> **Exercise directions**
From the line containing "радости и веселья." down to the final line of the entries below, return each line exactly and drop the pictures.

————

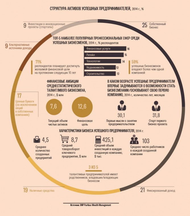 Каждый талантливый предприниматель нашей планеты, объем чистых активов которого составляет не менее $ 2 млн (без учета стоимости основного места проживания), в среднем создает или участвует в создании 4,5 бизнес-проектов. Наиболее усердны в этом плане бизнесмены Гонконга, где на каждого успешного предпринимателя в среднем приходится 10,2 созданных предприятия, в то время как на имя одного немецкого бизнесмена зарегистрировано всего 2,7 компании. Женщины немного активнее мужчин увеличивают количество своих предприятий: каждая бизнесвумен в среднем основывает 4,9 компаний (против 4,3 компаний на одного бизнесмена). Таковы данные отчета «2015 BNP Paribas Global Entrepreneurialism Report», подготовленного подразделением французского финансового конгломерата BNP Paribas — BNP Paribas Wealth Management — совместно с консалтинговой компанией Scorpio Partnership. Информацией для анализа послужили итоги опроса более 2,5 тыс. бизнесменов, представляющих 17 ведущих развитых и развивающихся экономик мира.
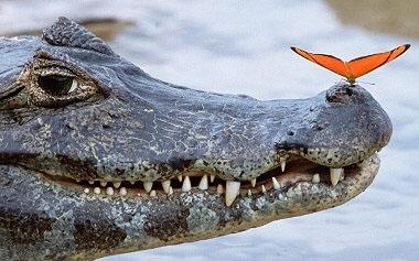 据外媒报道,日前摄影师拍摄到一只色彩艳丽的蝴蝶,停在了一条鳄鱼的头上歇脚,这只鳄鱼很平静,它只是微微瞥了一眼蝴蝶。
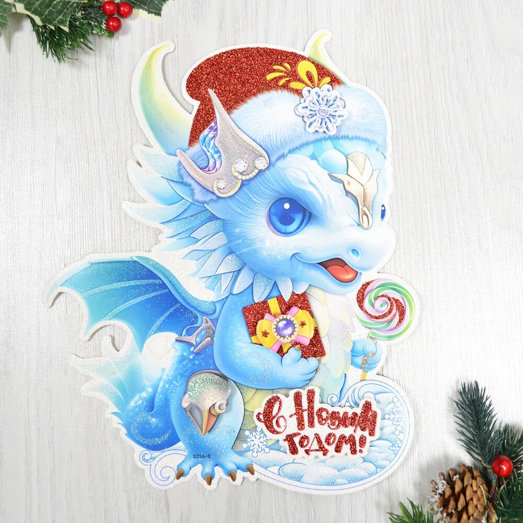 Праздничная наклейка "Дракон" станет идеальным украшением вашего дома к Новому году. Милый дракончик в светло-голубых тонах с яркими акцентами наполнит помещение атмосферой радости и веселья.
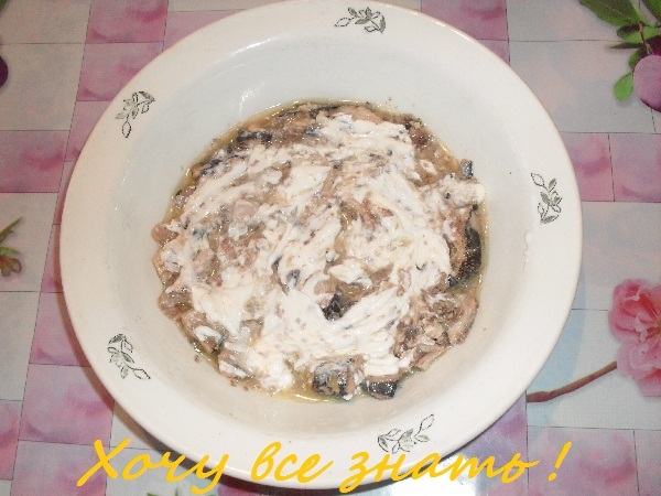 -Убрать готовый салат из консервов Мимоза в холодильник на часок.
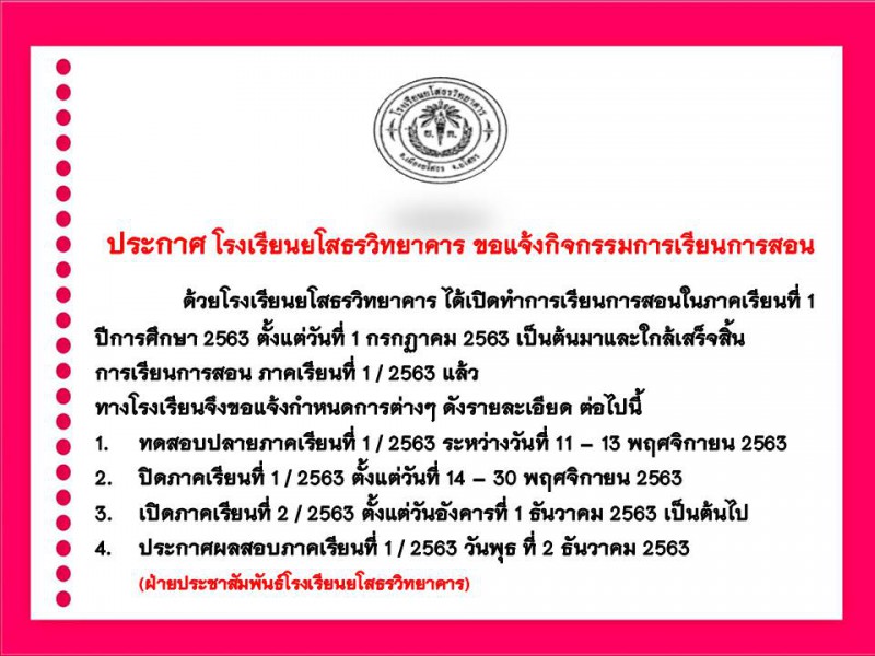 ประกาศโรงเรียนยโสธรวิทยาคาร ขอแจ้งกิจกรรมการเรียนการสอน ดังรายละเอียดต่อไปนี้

————

> **Exercise response**
 Праздничная наклейка "Дракон" станет идеальным украшением вашего дома к Новому году. Милый дракончик в светло-голубых тонах с яркими акцентами наполнит помещение атмосферой радости и веселья.
 -Убрать готовый салат из консервов Мимоза в холодильник на часок.
 ประกาศโรงเรียนยโสธรวิทยาคาร ขอแจ้งกิจกรรมการเรียนการสอน ดังรายละเอียดต่อไปนี้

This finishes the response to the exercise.